* Prompt *
Output everything in the data exactly, leaving the pictures out.

---------- Given records

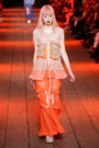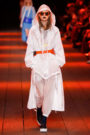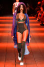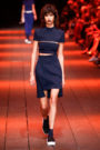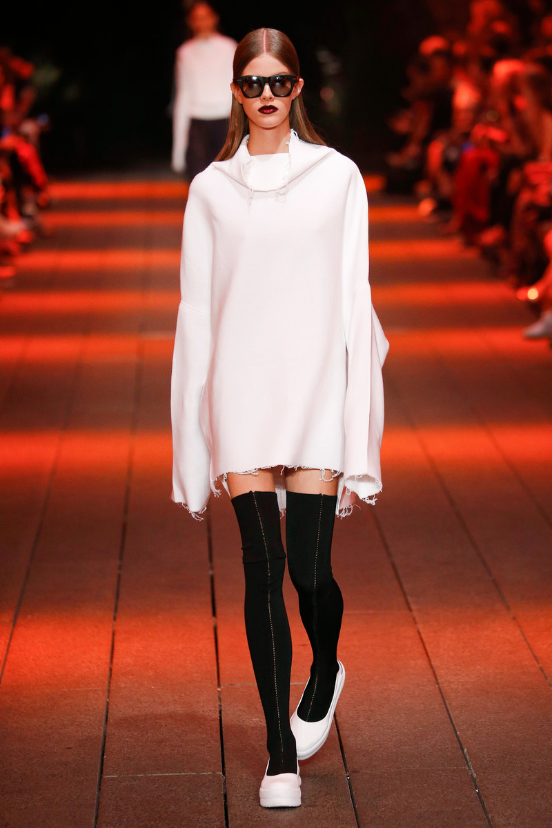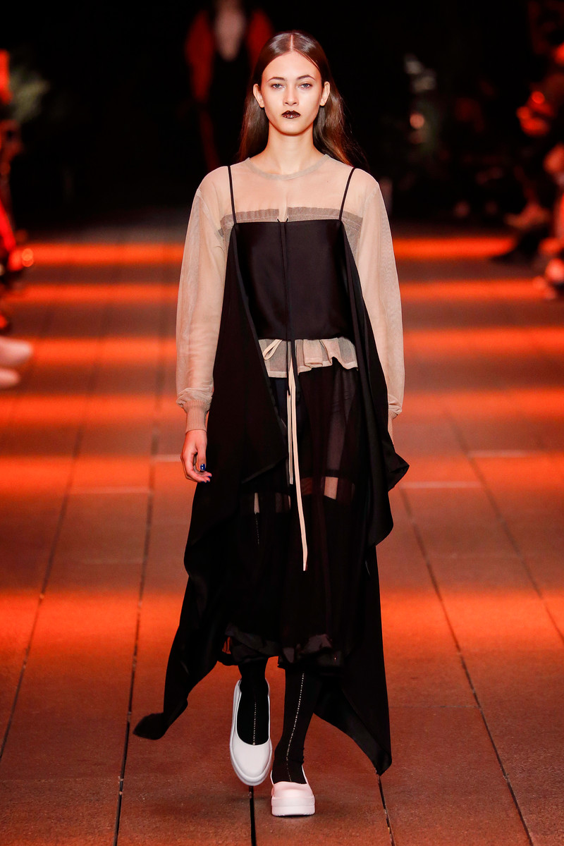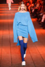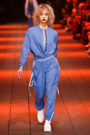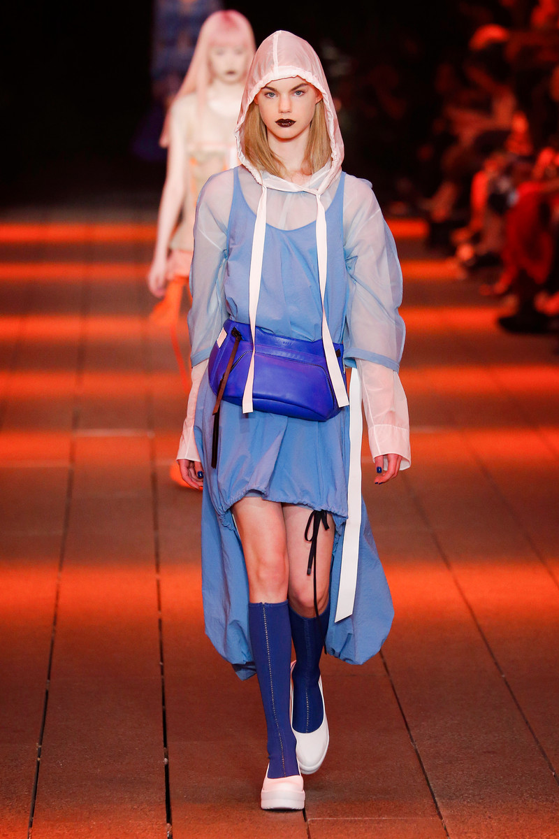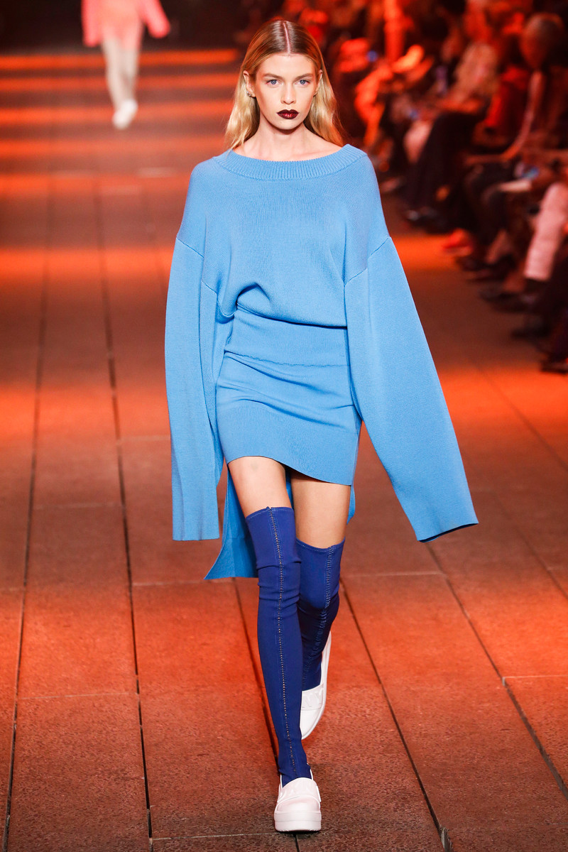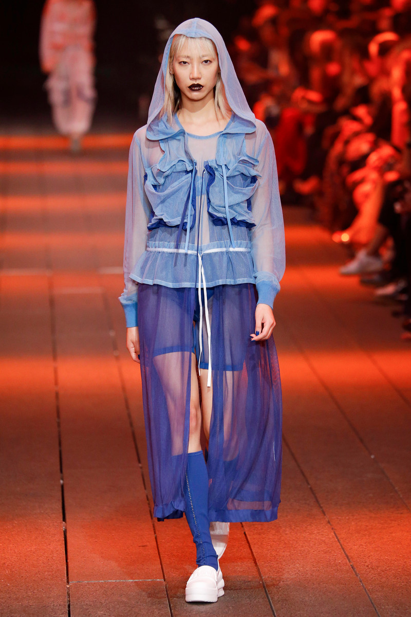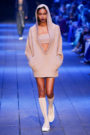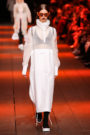The hoodie is having a big moment in fashion this season. And if it’s up to DKNY designer Osborne and Chow that trend is to stay around a little longer. For spring/summer the designer duo introduced a sportive ready to wear range full of activewear. Their model pack, lead by Bella Hadid, looked extremely tough in next season’s boiler suits, slouchy hoodies, DKNY branded sport bras and sheer jackets. Done in a palette of khaki, taupe and navy the items looked suitable for hitting the concrete jungle, NYC, where the all American brand, that was sold to a new company in order to start making profit again, has it roots. We’re not sure if the original DKNY costumer is up for this kind of streetwise fashion. Yet this youthful range will definitely appeal to a fresh young customer. And that might just be the key to the brand’s revival. At least Donna Karan, who sat front row at the show (with a broken foot) was all smiles.
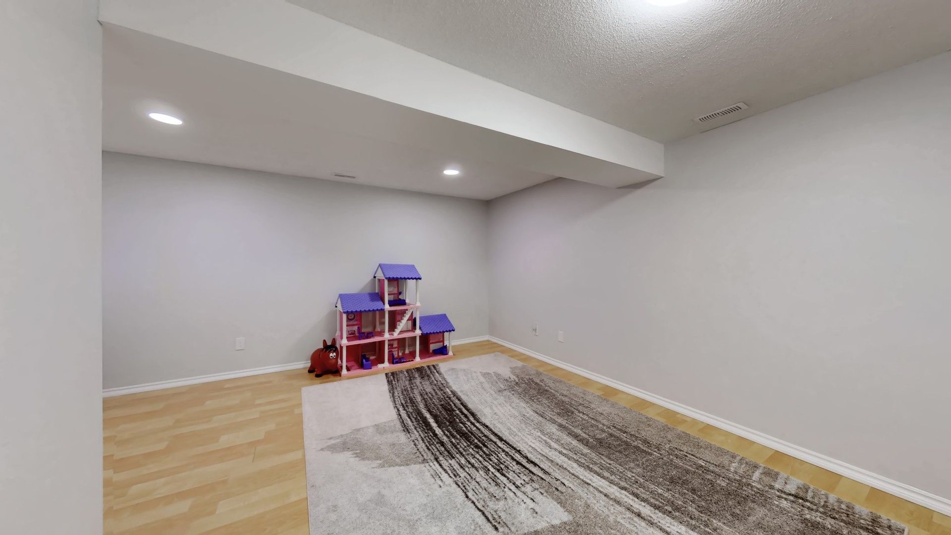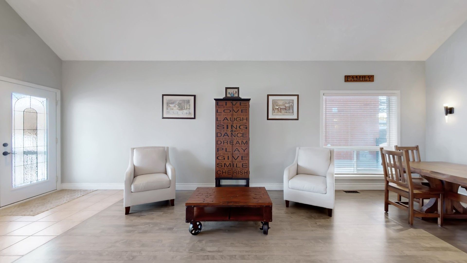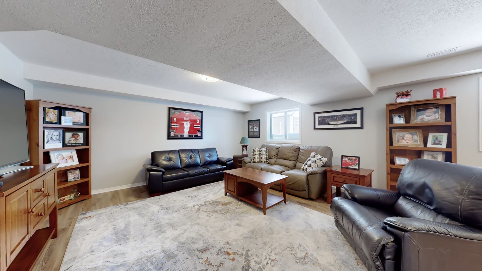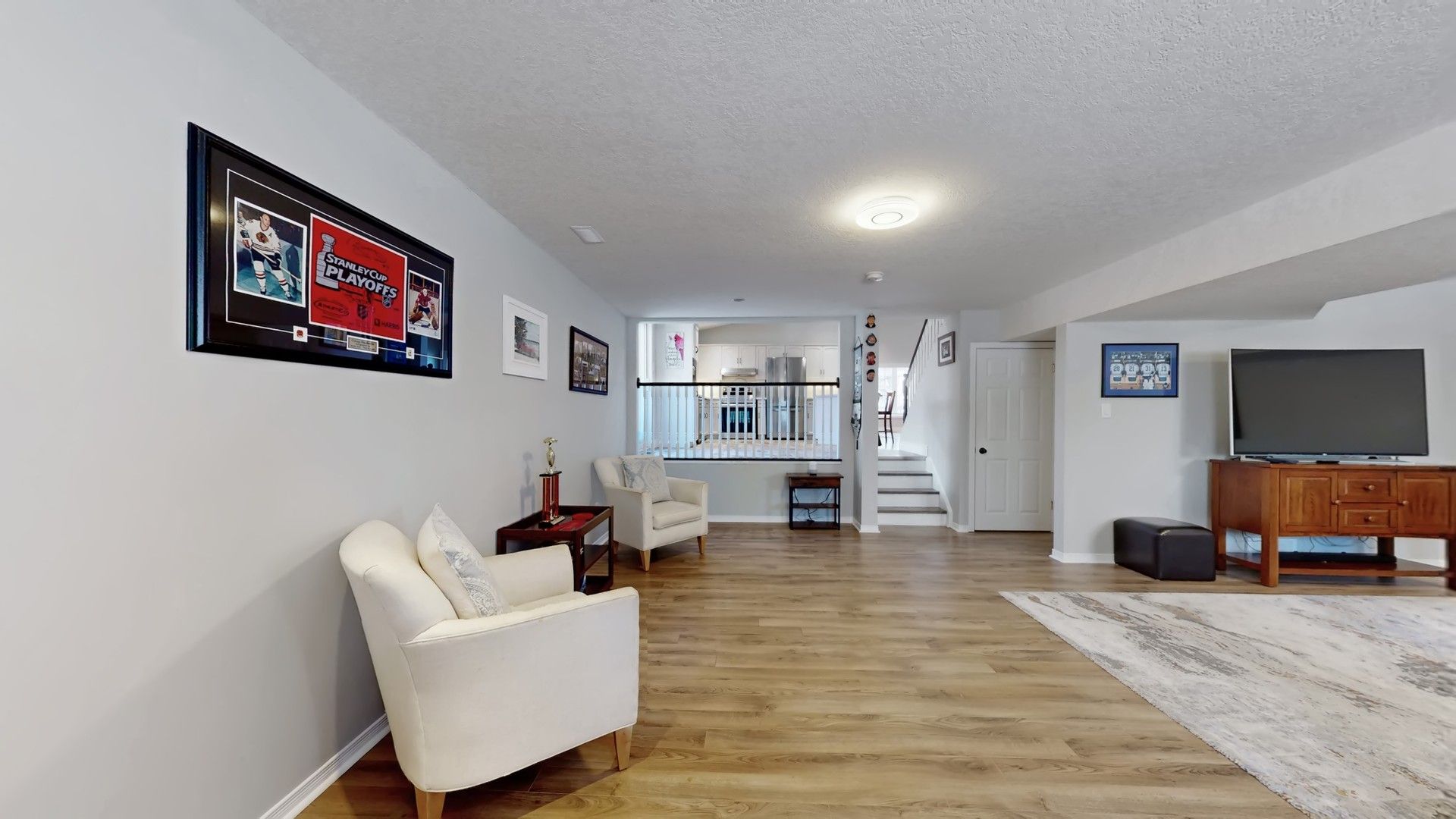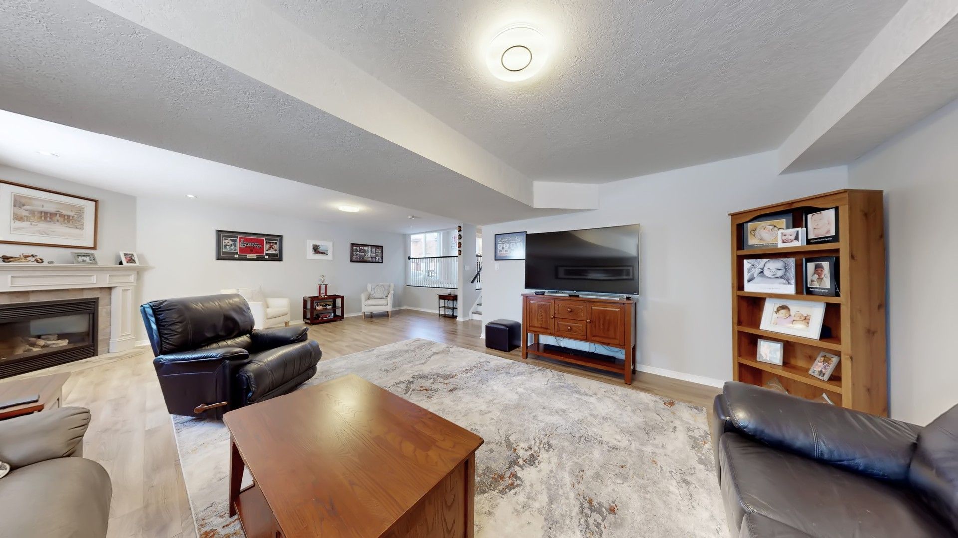 • Large great room with gas fireplace and windows for natural light.
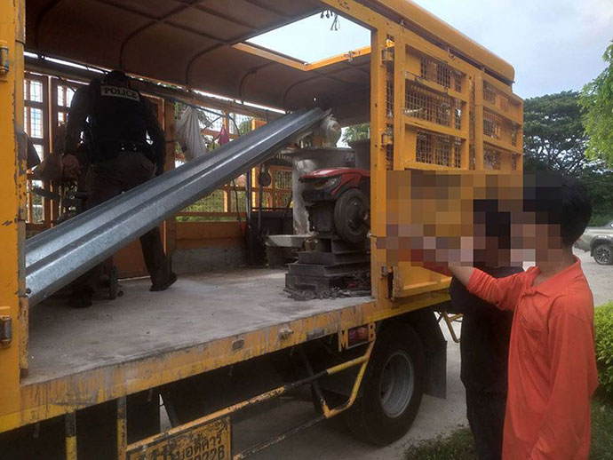 20 พฤษภาคม 2567 เมื่อเวลา 15.30 น. ผู้สื่อข่าวรายงานว่า ร.ต.อ.วันชัย เสริมสุข ร้อยเวร 20 สภ.บ้านฉาง ได้รับแจ้งจากนายสุรศักดิ์ ศิริสุวรรณ นายช่างกรมทาง ว่าพบเห็นพฤติกรรมของคนงานรับเหมาตีเส้นจราจร กำลังก่อเหตุลักราวกันชนของกรมทางบริเวณ ถนนสาย 3376 บ้านฉาง-ชากหมาก พอหลังจากนั้นก็ช่วยกันนำขึ้นรถ 6 ล้อ หมายเลข 82-5792 ปราจีนบุรี ที่เป็นของผู้รับเหมาตีเส้นจราจรซึ่งติดสติกเกอร์ สีสัญลักษณ์กรมทางฯ ขับมุ่งหน้าเข้าเมือง
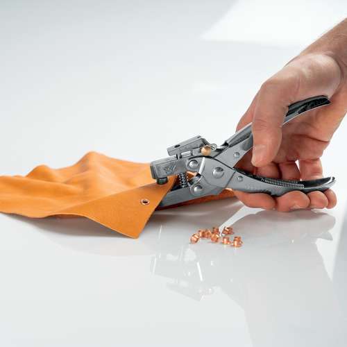La pince à œillets Rapid RP05 est lparfait pour poser facilement des œillets de 4 mm sur des textiles, cuir, papier, carton et autres matériaux flexibles. Son acier chromé robuste et ses longues poignées garantissent un usage précis et efficace, même pour des matériaux plus épais.
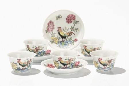 Porcelaine à décor polychrome de fleurs et coq, Chine dynastie Q...
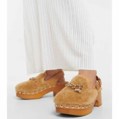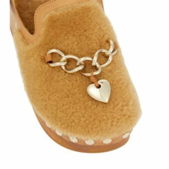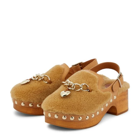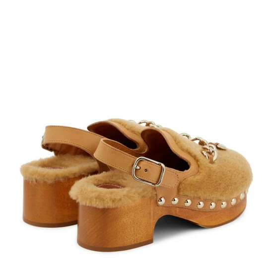 Keep your feet warm as temperatures drop in the playful and charming Ninna slingback clogs from Chloé. They feature leather ankle straps and a brown shearling upper adorned with a gold-tone charm.
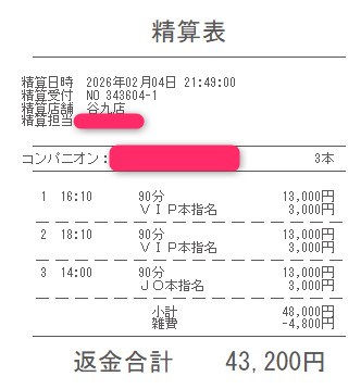 本指名バックは3,000円
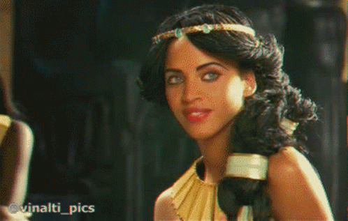 Vinalti Asterix, a woman in ancient attire with a jeweled headband and braided hair, smiles and waves.
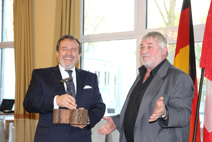 Auch der peruanische Botschafter Elmer Schialer Salcedo ergriff das Wort und war sehr angetan über das Interesse an seinem Land und dessen Speisen. Selbst Brandenburgs Minister für Inneres und Kommunales Karl-Heinz Schröter lobte den Blick über den Tellerrand und erzählte über die Anfänge der Kartoffel in Deutschland bzw. Preußen. Als einen Höhepunkt wurde die Übergabe eines Friedensnagels von Heinz Hoenig an den peruanischen Botschafter und seinem Land, wahrgenommen. Heinz Hoenig stellte den Gästen sein Herzensprojekt „Kinder schmieden Zukunft“ vor und ermöglichte einen Blick auf die Friedensnägel, welche mit internationalen und deutschen Schmieden geschmiedet und für einen guten Zweck verkauft werden. Sie möchten mehr darüber wissen? Kein Problem. Wir werden dieses tolle Projekt in den nächsten Tagen genauer vorstellen.

--------------------

* Response to this task *
The hoodie is having a big moment in fashion this season. And if it’s up to DKNY designer Osborne and Chow that trend is to stay around a little longer. For spring/summer the designer duo introduced a sportive ready to wear range full of activewear. Their model pack, lead by Bella Hadid, looked extremely tough in next season’s boiler suits, slouchy hoodies, DKNY branded sport bras and sheer jackets. Done in a palette of khaki, taupe and navy the items looked suitable for hitting the concrete jungle, NYC, where the all American brand, that was sold to a new company in order to start making profit again, has it roots. We’re not sure if the original DKNY costumer is up for this kind of streetwise fashion. Yet this youthful range will definitely appeal to a fresh young customer. And that might just be the key to the brand’s revival. At least Donna Karan, who sat front row at the show (with a broken foot) was all smiles.
 • Large great room with gas fireplace and windows for natural light.
 20 พฤษภาคม 2567 เมื่อเวลา 15.30 น. ผู้สื่อข่าวรายงานว่า ร.ต.อ.วันชัย เสริมสุข ร้อยเวร 20 สภ.บ้านฉาง ได้รับแจ้งจากนายสุรศักดิ์ ศิริสุวรรณ นายช่างกรมทาง ว่าพบเห็นพฤติกรรมของคนงานรับเหมาตีเส้นจราจร กำลังก่อเหตุลักราวกันชนของกรมทางบริเวณ ถนนสาย 3376 บ้านฉาง-ชากหมาก พอหลังจากนั้นก็ช่วยกันนำขึ้นรถ 6 ล้อ หมายเลข 82-5792 ปราจีนบุรี ที่เป็นของผู้รับเหมาตีเส้นจราจรซึ่งติดสติกเกอร์ สีสัญลักษณ์กรมทางฯ ขับมุ่งหน้าเข้าเมือง
La pince à œillets Rapid RP05 est lparfait pour poser facilement des œillets de 4 mm sur des textiles, cuir, papier, carton et autres matériaux flexibles. Son acier chromé robuste et ses longues poignées garantissent un usage précis et efficace, même pour des matériaux plus épais.
 Porcelaine à décor polychrome de fleurs et coq, Chine dynastie Q...
 Keep your feet warm as temperatures drop in the playful and charming Ninna slingback clogs from Chloé. They feature leather ankle straps and a brown shearling upper adorned with a gold-tone charm.
 本指名バックは3,000円
 Vinalti Asterix, a woman in ancient attire with a jeweled headband and braided hair, smiles and waves.
 Auch der peruanische Botschafter Elmer Schialer Salcedo ergriff das Wort und war sehr angetan über das Interesse an seinem Land und dessen Speisen. Selbst Brandenburgs Minister für Inneres und Kommunales Karl-Heinz Schröter lobte den Blick über den Tellerrand und erzählte über die Anfänge der Kartoffel in Deutschland bzw. Preußen. Als einen Höhepunkt wurde die Übergabe eines Friedensnagels von Heinz Hoenig an den peruanischen Botschafter und seinem Land, wahrgenommen. Heinz Hoenig stellte den Gästen sein Herzensprojekt „Kinder schmieden Zukunft“ vor und ermöglichte einen Blick auf die Friedensnägel, welche mit internationalen und deutschen Schmieden geschmiedet und für einen guten Zweck verkauft werden. Sie möchten mehr darüber wissen? Kein Problem. Wir werden dieses tolle Projekt in den nächsten Tagen genauer vorstellen.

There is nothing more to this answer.